Page MenuHomePhabricator

[mlir][spirv] Make SPIRVTypeConverter target environment aware

Authored by antiagainst on Mar 16 2020, 11:53 AM.



Non-32-bit scalar types requires special hardware support that may
not exist on all Vulkan-capable GPUs. This is reflected as non-32-bit
scalar types require special capabilities or extensions to be used.
This commit makes SPIRVTypeConverter target environment aware so
that it can properly convert standard types to what is accepted on
the target environment.

Right now if a scalar type bitwidth is not supported in the target
environment, we use 32-bit unconditionally. This requires Vulkan
runtime to also feed in data with a matched bitwidth and layout,
especially for interface types. The Vulkan runtime can do that by
inspecting the SPIR-V module. Longer term, we might want to introduce
a way to control how such case are handled and explicitly fail
if wanted.

Depends On D76243

Diff Detail

Event Timeline

antiagainst created this revision.Mar 16 2020, 11:53 AM
mravishankar requested changes to this revision.Mar 16 2020, 1:07 PM

Awesome! THis is a very clean solution


Cant we do this right now? If any tests failed we can update the extension/capability accordingly and not just force expand right?

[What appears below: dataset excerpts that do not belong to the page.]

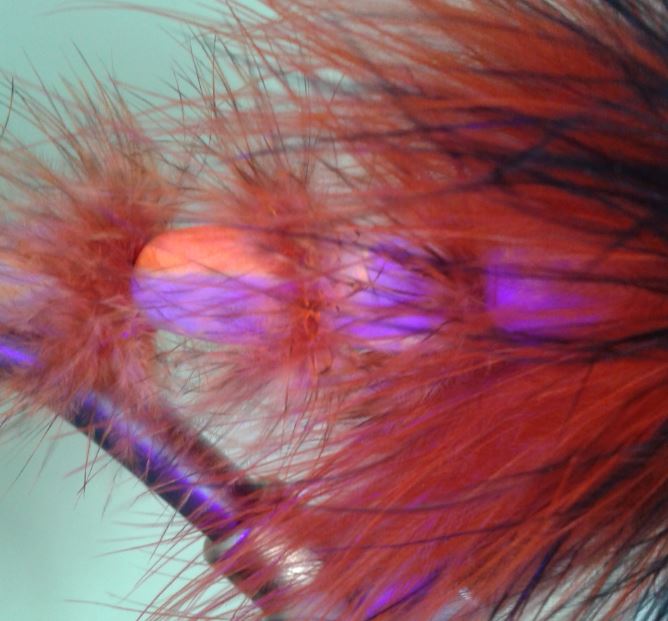 Die erstere habe ich farblich stimmig zu den Saddle Hackle Federn gewählt, die zweite als reine Kontrastfeder. |
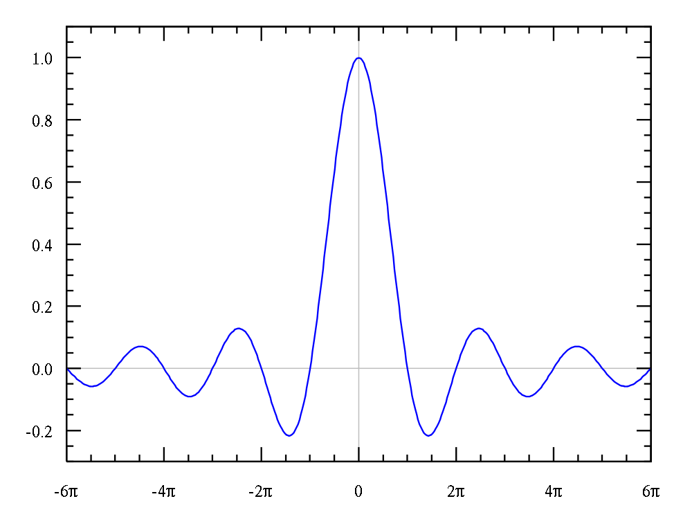 - English: Graph of the unnormalized sinc function sin(x)/x.
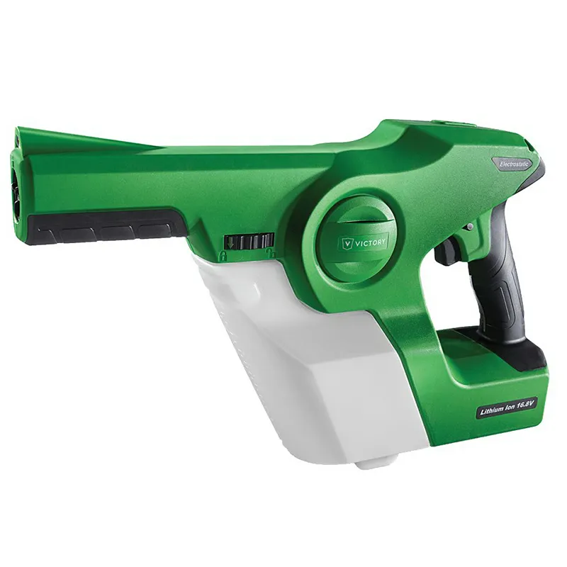 Bezšnúrový elektrostatický ručný postrekovač. Napájaný lítiovou batériou s výdržou 4 hod. Veľkosť čiastočiek rozprašovaného roztoku je nastaviteľná od 40 do 110 mikrónov. Dostrek cca. 1 m, 1 l nádrž.

I understand that this is maintaining functionality. I am actually not sure it is a good thing to lower from TensorType directly into SPIR-V type. SPIRV Array Type is not an SSA data-structure. It is a load/store data-structure. Please remove this. We should never have supported this in the first place.

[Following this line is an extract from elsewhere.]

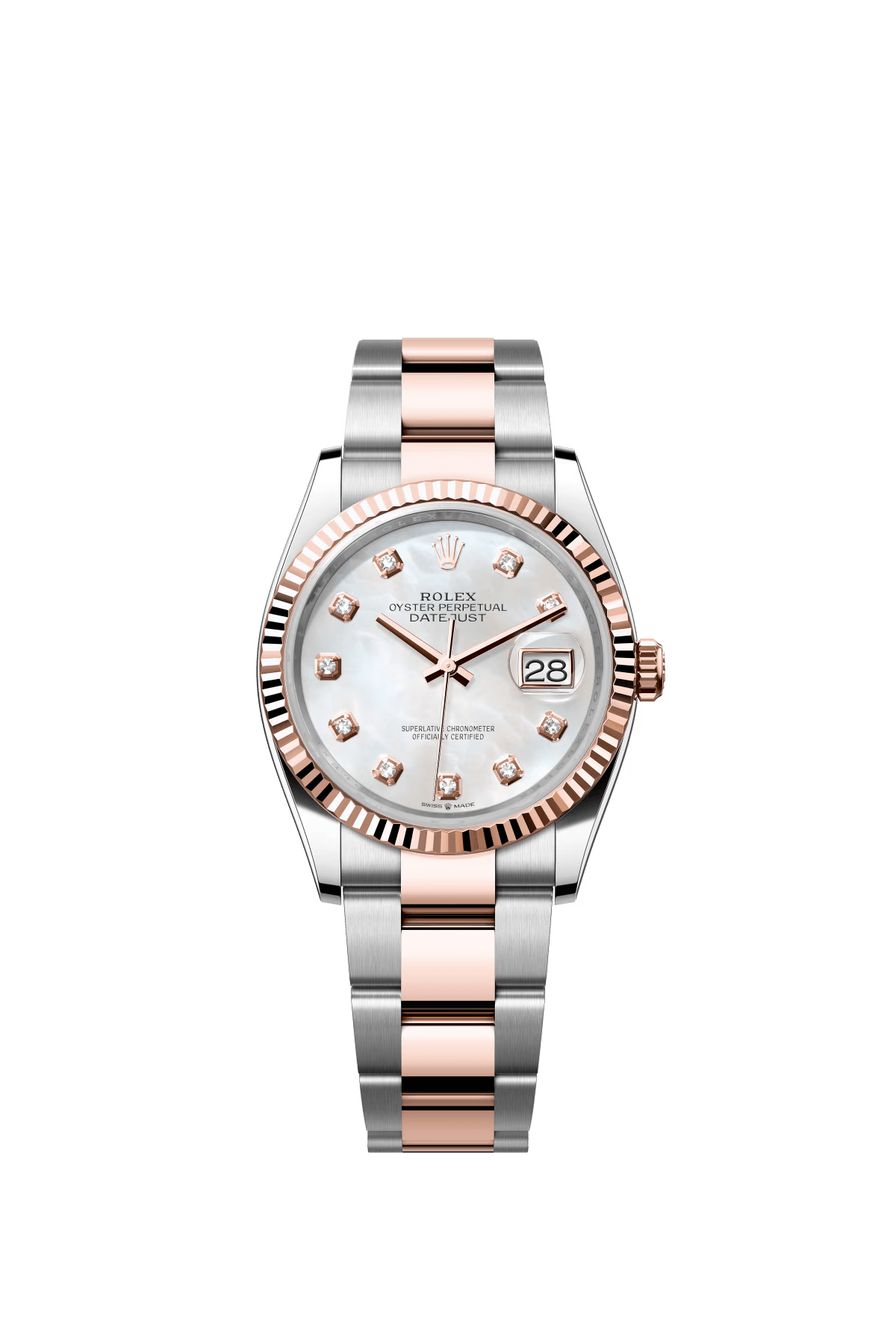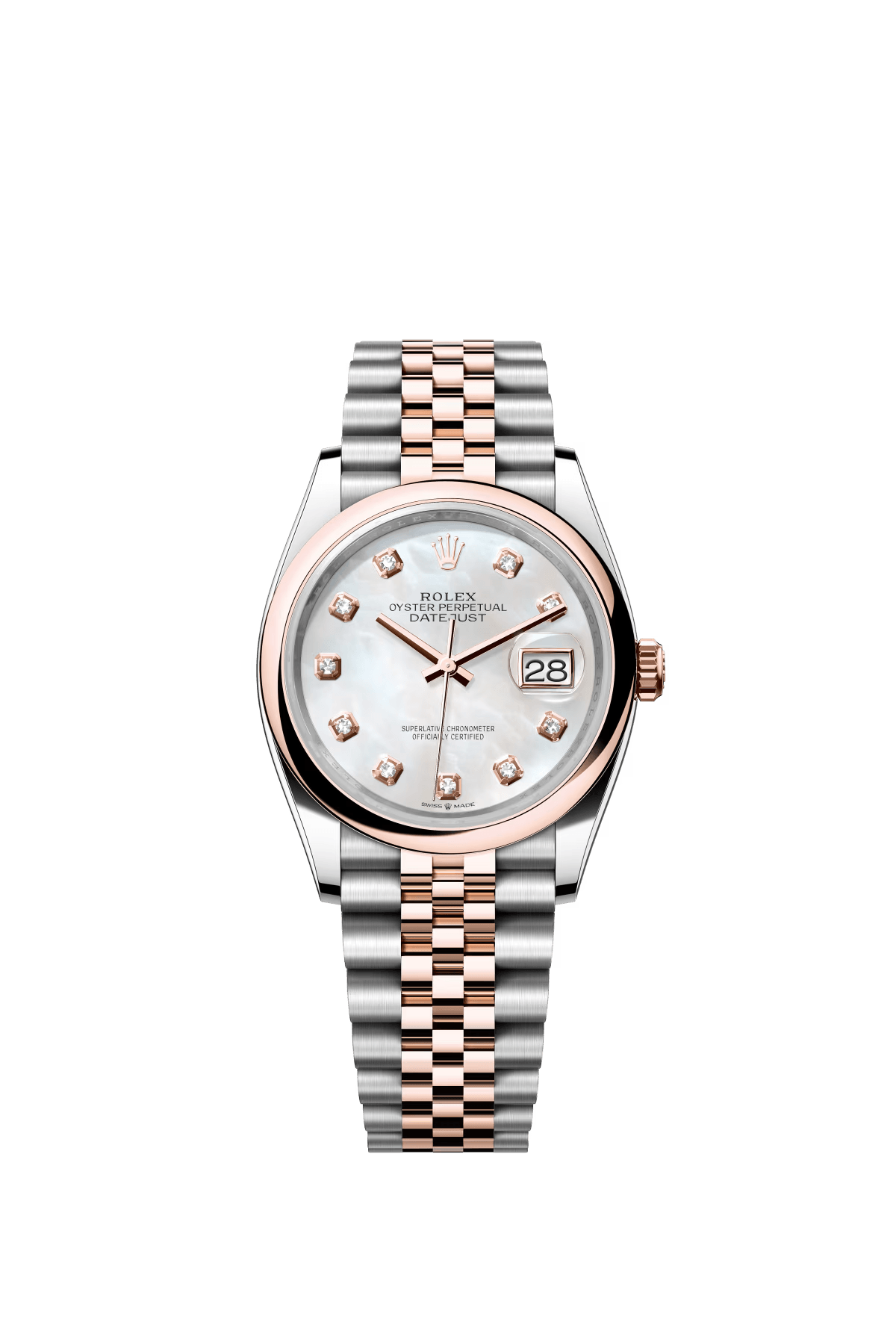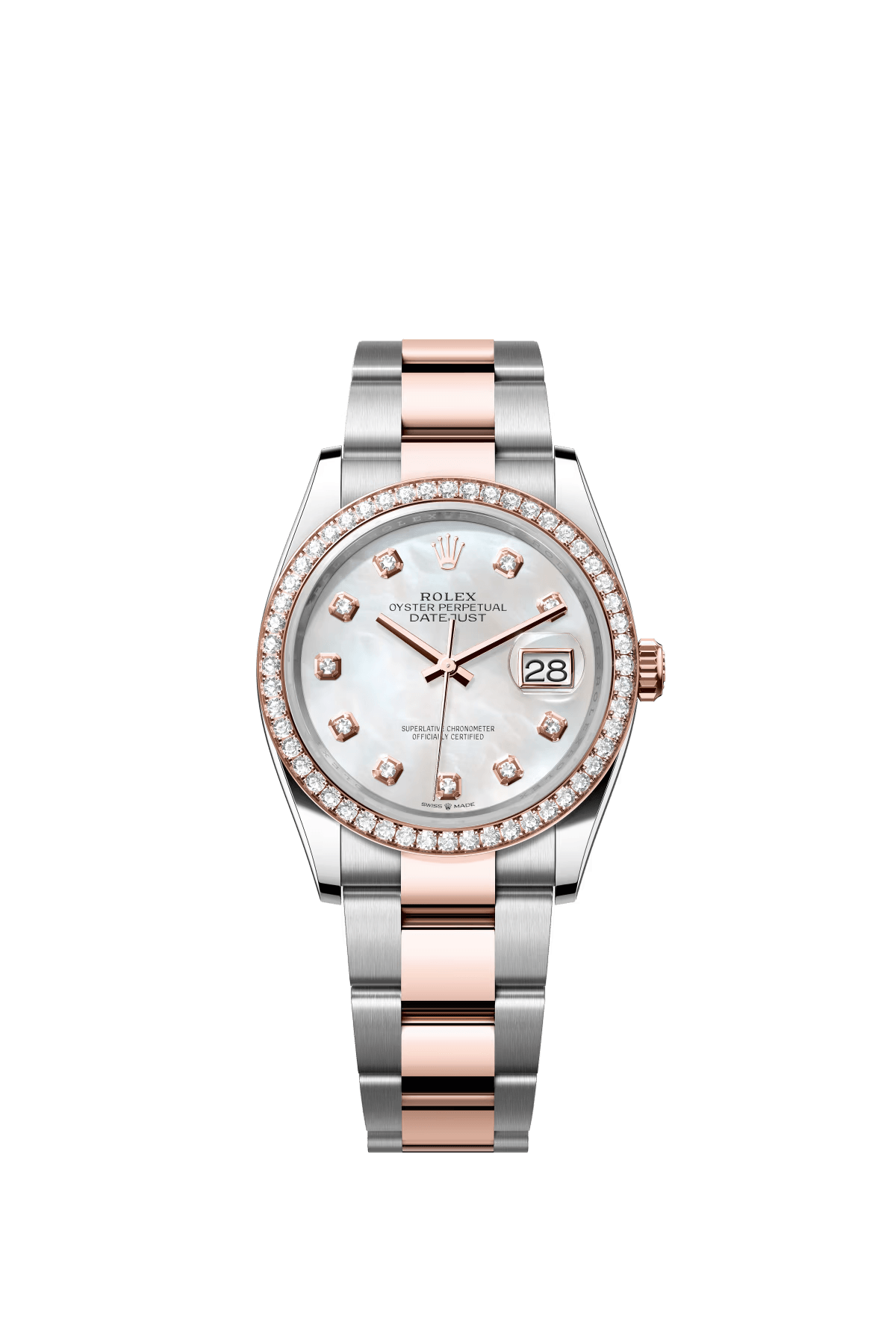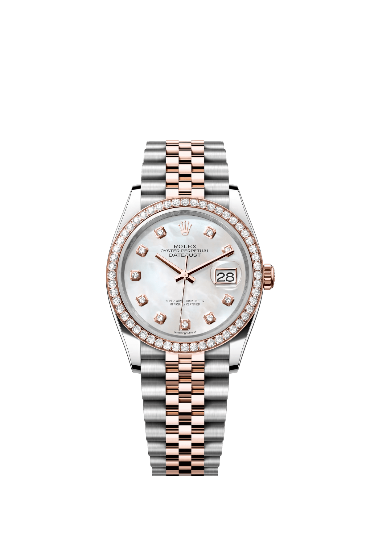 The Oyster Perpetual Datejust 36 is available in Everose gold and Oystersteel, with a diamond-set white mother-of-pearl dial and an Oyster bracelet. -m126281rbr-0010

This revision now requires changes to proceed.Mar 16 2020, 1:07 PM
antiagainst marked 4 inline comments as done.

Address comments

antiagainst added inline comments.Mar 17 2020, 6:57 AM

I'd prefer to defer this given it's not needed immediately and this commit is already ~1000 LOC change. The TODO here is not meant for tests. For tests where we care about the type conversions, we should probably test both with and without capabilities. For tests where we don't care about type conversions, it does not matter. This is for real-world use cases. Given a hardware implementation, the extension/capabilities are already predetermined; adding more does not work and we must dance inside the boundaries here. I'd assume this is the majority of the use cases.


There is complication here. The type conversion was introduced for lowering constant tensors ( In SPIR-V one creates composite (vector/matrix/array/struct) constants with OpConstantComposite to embed relative large constant values and use OpCompositeExtract and OpCompositeInsert. So array types are not only just used in the load/store way; they can also be used in an SSA way like what we do for vectors.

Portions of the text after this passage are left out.